Когда же он прожил все, настал великий голод в той стране, и он начал нуждаться; и пошел, пристал к одному из жителей страны той, а тот послал его на поля свои пасти свиней; и он рад был наполнить чрево свое рожками, которые ели свиньи, но никто не давал ему… Есть имущество другого рода — духовное, нетленное — богатство жизни нравственной, которой обладает каждый родитель, каждый воспитатель; это имущество составляют правила и уроки жизни. Многолетними трудами и подвигами приобретается это неоцененное имущество, бережливо и заботливо передается наследникам — и что же? Случается, за несколько дней непотребной жизни, в несколько уроков нечестия и разврата — всё превращается ими в прах, предается позору и поруганию! Особенно эта трата родительского заветного достояния имеет место в наше время, время раннего умственного созревания и скорого перехода от юности к безвременной старости. Отеческие правила, наставления и увещевания заметным образом всё более и более слабеют и теряют обязательную силу при неудержимом стремлении юного поколения не отстать от века, как будто совсем не для него сказаны слова Писания: не сообразуйтесь с веком сим (Рим.12:2), потому что только мертвые по преступлениям ходят по обычаю мира сего, по воле князя, господствующего в воздухе, духа, действующего ныне в сынах противления (Еф.2:1-2). Благочестие родителей, таким образом, позорится именем невежества; их резкие выходки против современных злоупотреблений приписываются запоздалому пристрастию к старине; правила их жизни признаются годными только для них самих; святая глубокая вера выдается за суеверие, ревность по благочестию — за старческую кропотливость… На всё это извращение истины и правды существует особенная наука, наука модного тона и ловкого обращения — одна, может быть, из самых немногих наук, которым научаются охотно и успешно. Под ее-то обманчиво-приятным покровом и вырастают нынешние блудные сыны, для которых всё отеческое и родное чуждо, дико, нестерпимо и которые неудержимо стремятся от него всё далее и далее, а куда? — и сами того не знают, просто: куда бы ни было — на страну далече! Достигнув же этой страны неизвестной, расточают там всё имение свое — все заветные давние верования и убеждения сердечные.

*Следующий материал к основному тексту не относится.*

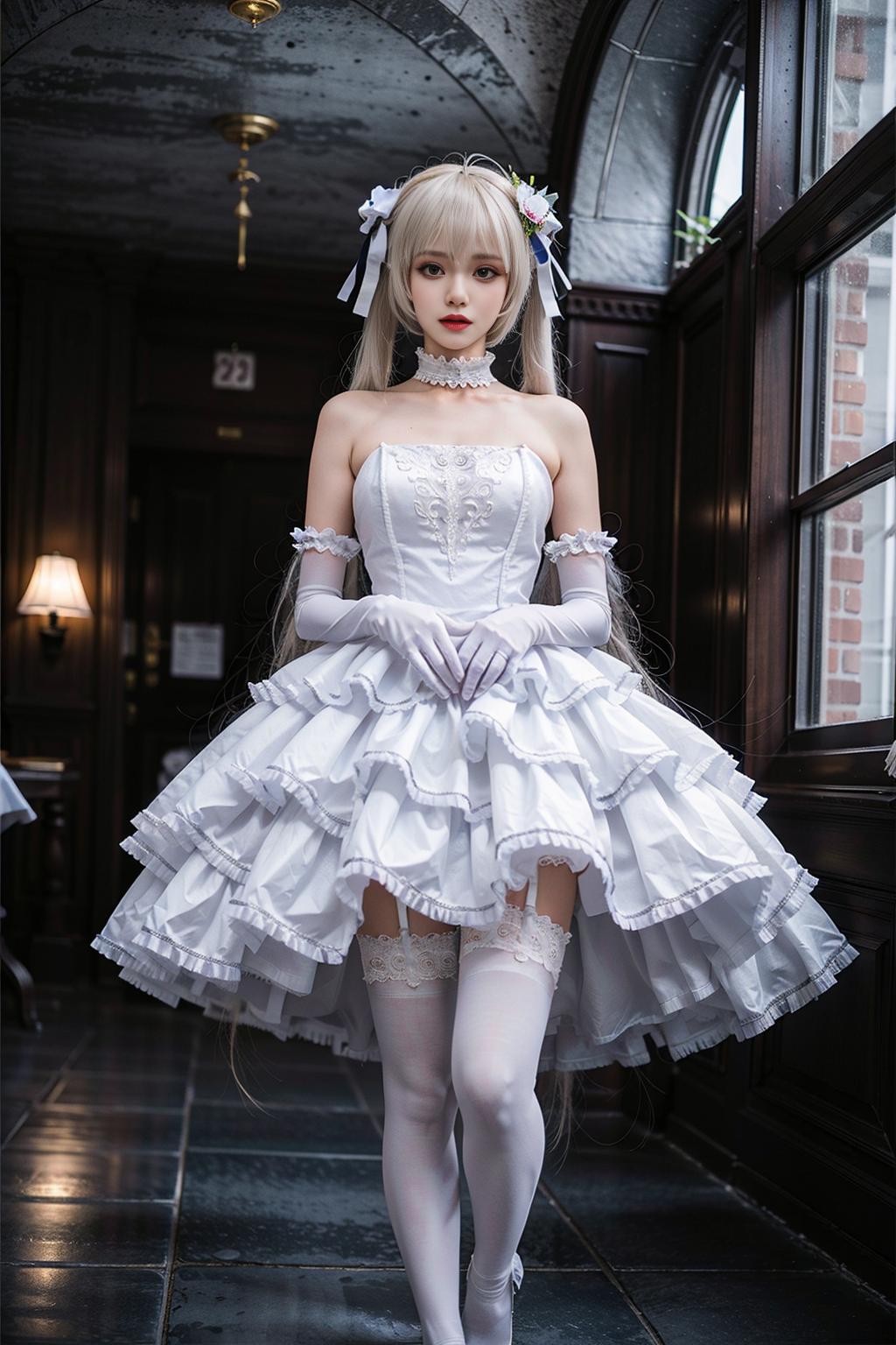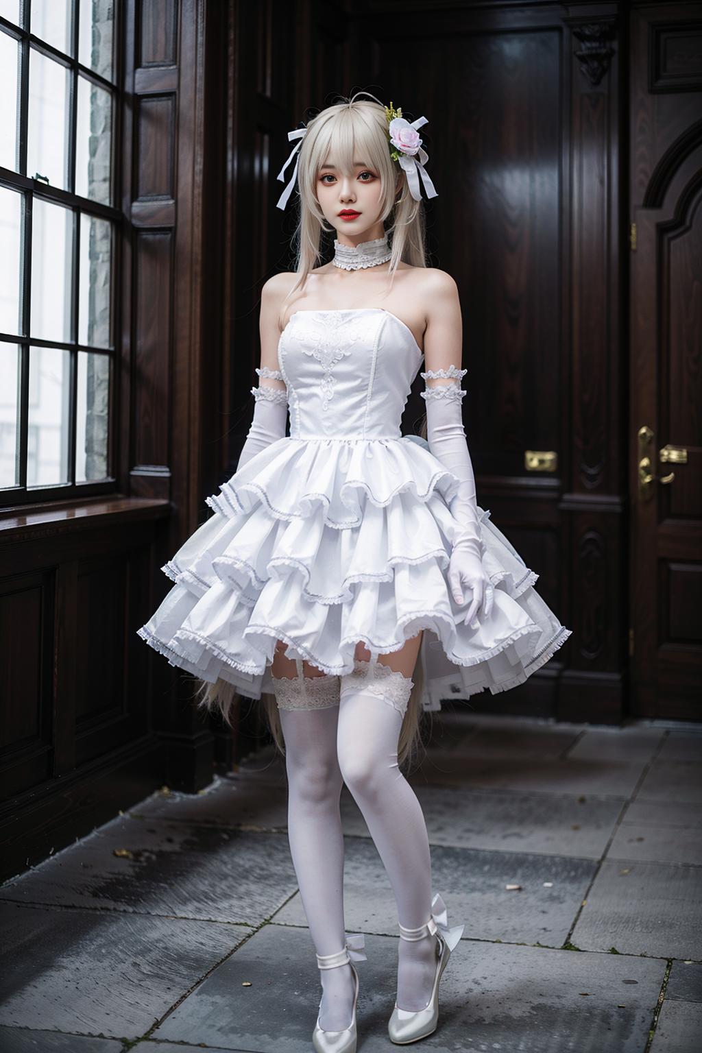 wedding attire, elbow gloves, wedding dress, thighhighs

Настает великий голод в той стране, и блудные сыны начинают нуждаться… Переменчивый дух века скоро перестает питать их. Кощунство, вольнодумство, леность, чувственность надоедают и противеют, наслаждения предстают им без покрова прелести и ужасают своим омерзительным видом; возникают болезни и влекут за собой скуку, тоску, досаду, злобу, ярость, бешенство… Князь тьмы возлагает на них свою ужасную руку и влечет их — страшно подумать — куда… Удивительно ли, что несчастные пожелают тогда быть бессловесными и есть рожцы, чтобы заглушить вопль алчущего духа? Но кто же даст им и этой пищи? И никто не давал ему…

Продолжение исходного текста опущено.